Exercise details:
Repeat the full listing below verbatim and keep the images out.

Supplied information:

* * * * * * *

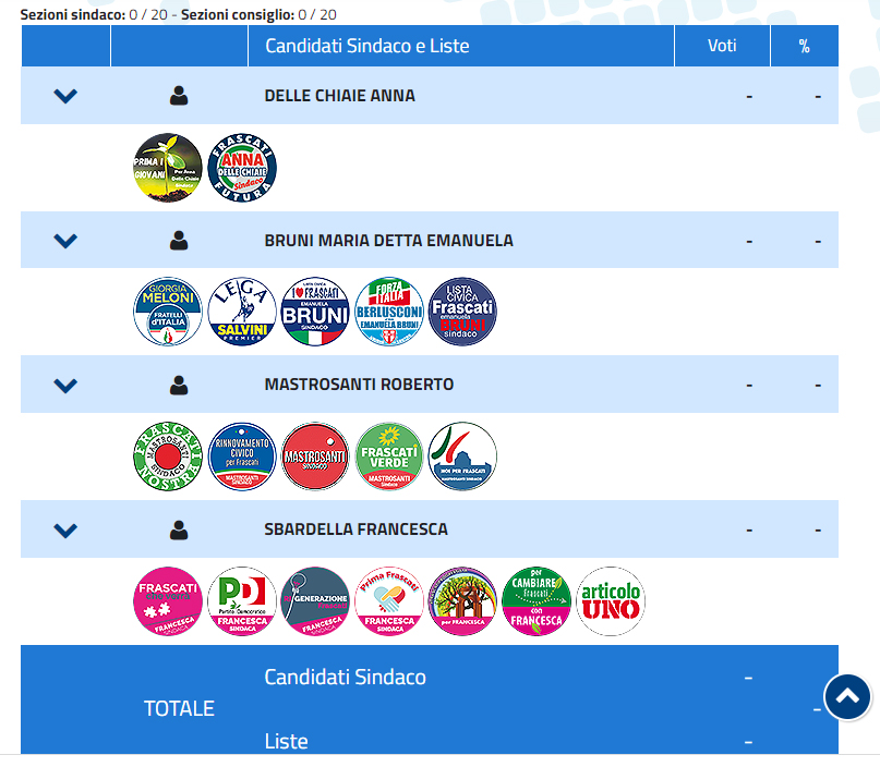 Prosegue lo spoglio nella città di Frascati. Si profila già un ballottaggio tra la candidata di centrosinistra Francesca Sbardella (41% dei voti), 41enne, di molto avanti al suo sfidante il sindaco u...
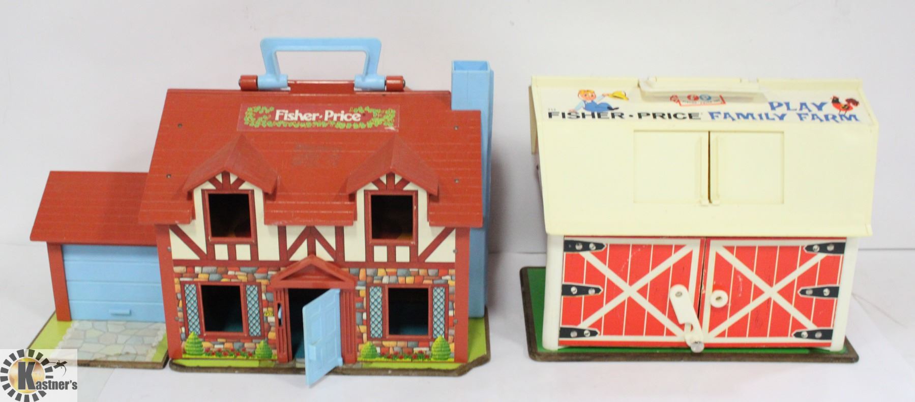 VINTAGE FISHER PRICE BARN W/ FIGURES & HOUSE
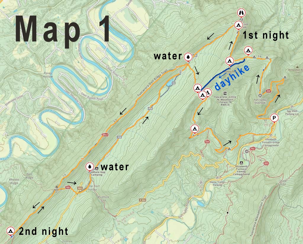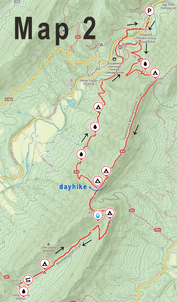 If you’re willing to forgo the amenities at Little Crease Shelter, there are many trip options from one night to a week on the Massanutten Trail. Here’s a two-night trip that I enjoyed and is perfect for a weekend. It is shown on Map 1 above.

* * * * * * *

Response:
 Prosegue lo spoglio nella città di Frascati. Si profila già un ballottaggio tra la candidata di centrosinistra Francesca Sbardella (41% dei voti), 41enne, di molto avanti al suo sfidante il sindaco u...
 VINTAGE FISHER PRICE BARN W/ FIGURES & HOUSE
 If you’re willing to forgo the amenities at Little Crease Shelter, there are many trip options from one night to a week on the Massanutten Trail. Here’s a two-night trip that I enjoyed and is perfect for a weekend. It is shown on Map 1 above.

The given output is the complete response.